== Brief ==
The lines below, from the one holding "- Lanţ Zale" through the one holding "Style: Cool Handmade", are to be restated word for word, with all images left out.

Top of Record excerpts

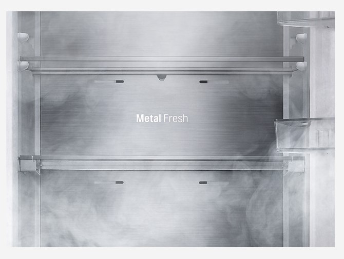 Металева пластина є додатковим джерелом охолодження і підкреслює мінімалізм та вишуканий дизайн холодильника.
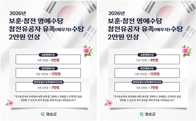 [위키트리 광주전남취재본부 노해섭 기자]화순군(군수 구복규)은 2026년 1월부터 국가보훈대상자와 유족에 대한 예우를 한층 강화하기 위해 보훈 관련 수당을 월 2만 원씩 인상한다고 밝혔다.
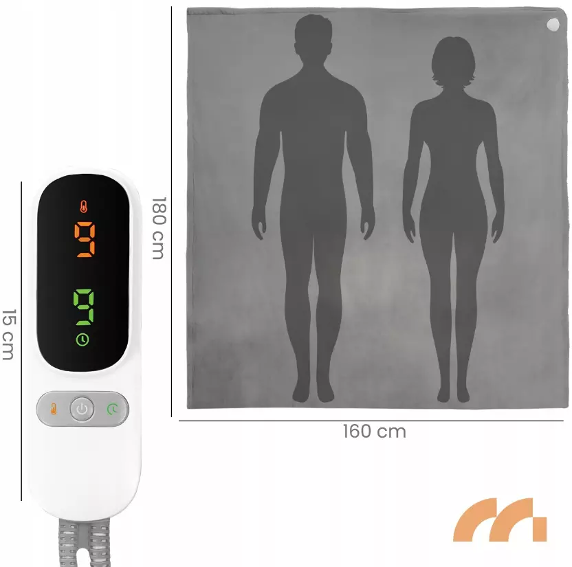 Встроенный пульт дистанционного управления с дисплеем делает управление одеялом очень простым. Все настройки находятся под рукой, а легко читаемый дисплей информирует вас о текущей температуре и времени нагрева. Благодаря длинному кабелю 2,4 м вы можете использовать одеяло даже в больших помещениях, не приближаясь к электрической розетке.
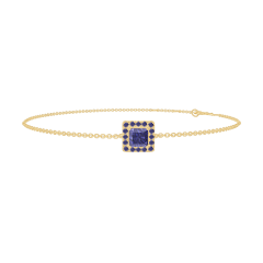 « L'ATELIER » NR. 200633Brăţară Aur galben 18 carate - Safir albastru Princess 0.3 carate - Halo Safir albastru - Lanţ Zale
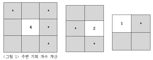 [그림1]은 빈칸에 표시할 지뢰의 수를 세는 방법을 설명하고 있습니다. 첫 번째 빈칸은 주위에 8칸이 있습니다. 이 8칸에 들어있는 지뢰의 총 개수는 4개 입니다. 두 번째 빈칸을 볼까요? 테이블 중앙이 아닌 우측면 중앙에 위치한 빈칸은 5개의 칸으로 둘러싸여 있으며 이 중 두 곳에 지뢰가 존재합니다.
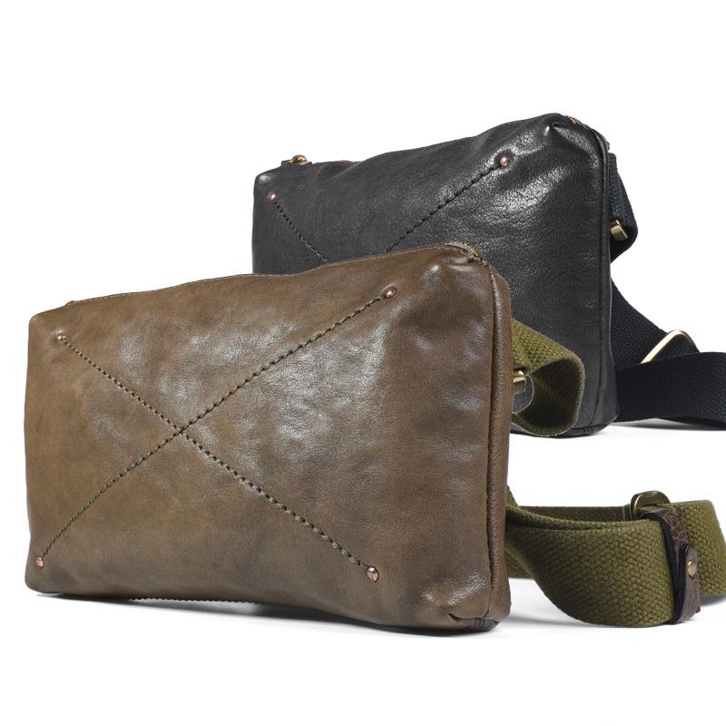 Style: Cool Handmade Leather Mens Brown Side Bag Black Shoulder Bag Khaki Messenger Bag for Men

Bottom of Record excerpts
Top of Record excerpts

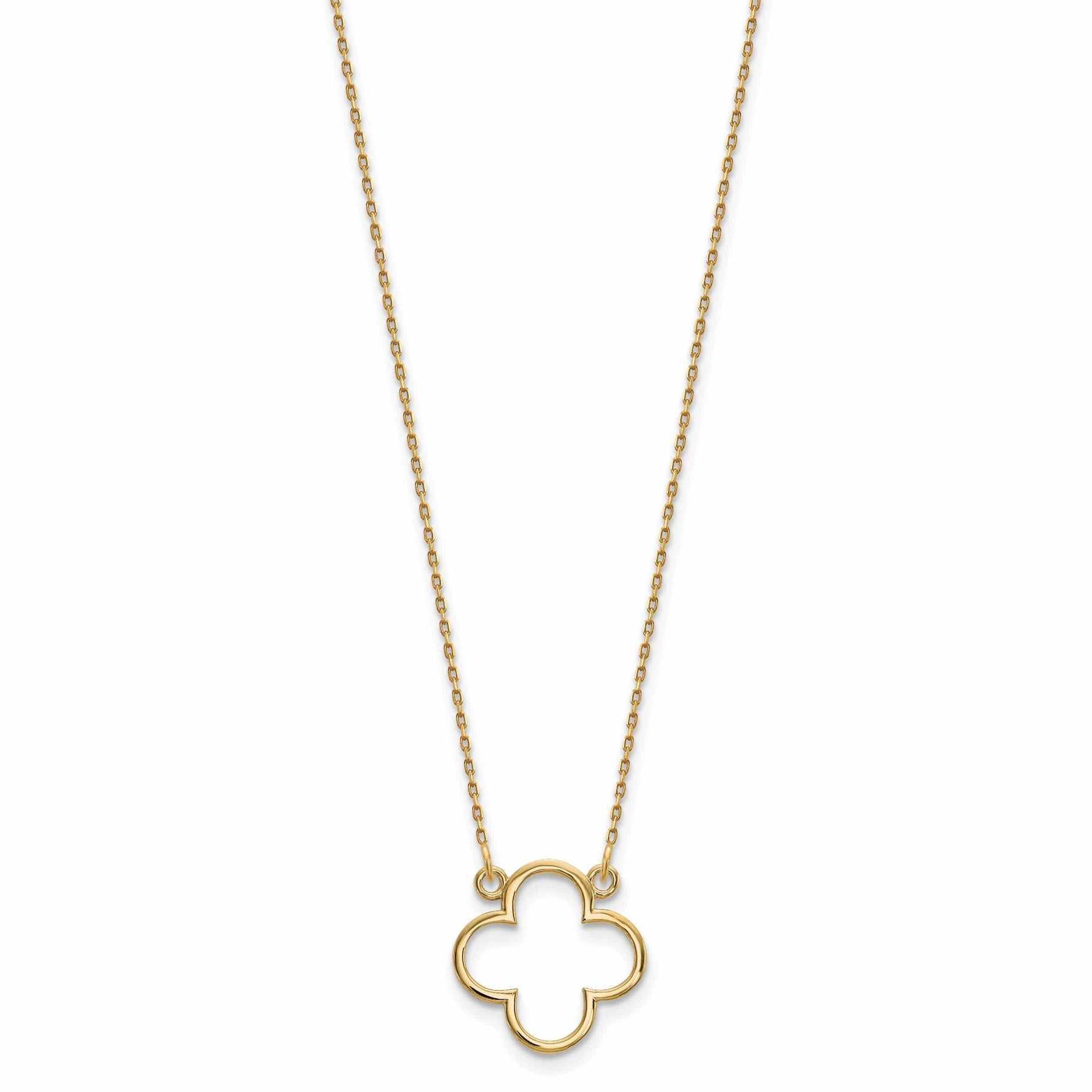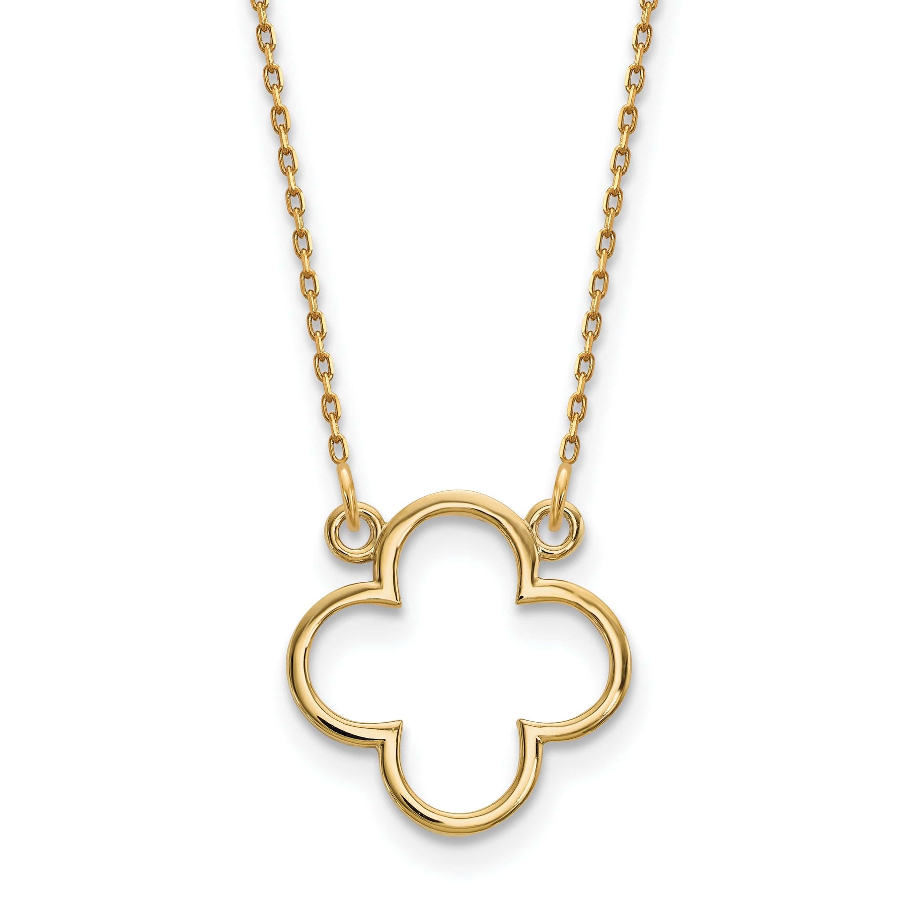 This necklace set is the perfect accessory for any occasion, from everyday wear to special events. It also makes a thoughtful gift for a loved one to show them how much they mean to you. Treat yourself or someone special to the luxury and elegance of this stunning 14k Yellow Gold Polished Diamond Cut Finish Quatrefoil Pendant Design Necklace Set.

Bottom of Record excerpts

== Solution to this problem ==
 « L'ATELIER » NR. 200633Brăţară Aur galben 18 carate - Safir albastru Princess 0.3 carate - Halo Safir albastru - Lanţ Zale
 [그림1]은 빈칸에 표시할 지뢰의 수를 세는 방법을 설명하고 있습니다. 첫 번째 빈칸은 주위에 8칸이 있습니다. 이 8칸에 들어있는 지뢰의 총 개수는 4개 입니다. 두 번째 빈칸을 볼까요? 테이블 중앙이 아닌 우측면 중앙에 위치한 빈칸은 5개의 칸으로 둘러싸여 있으며 이 중 두 곳에 지뢰가 존재합니다.
 Style: Cool Handmade Leather Mens Brown Side Bag Black Shoulder Bag Khaki Messenger Bag for Men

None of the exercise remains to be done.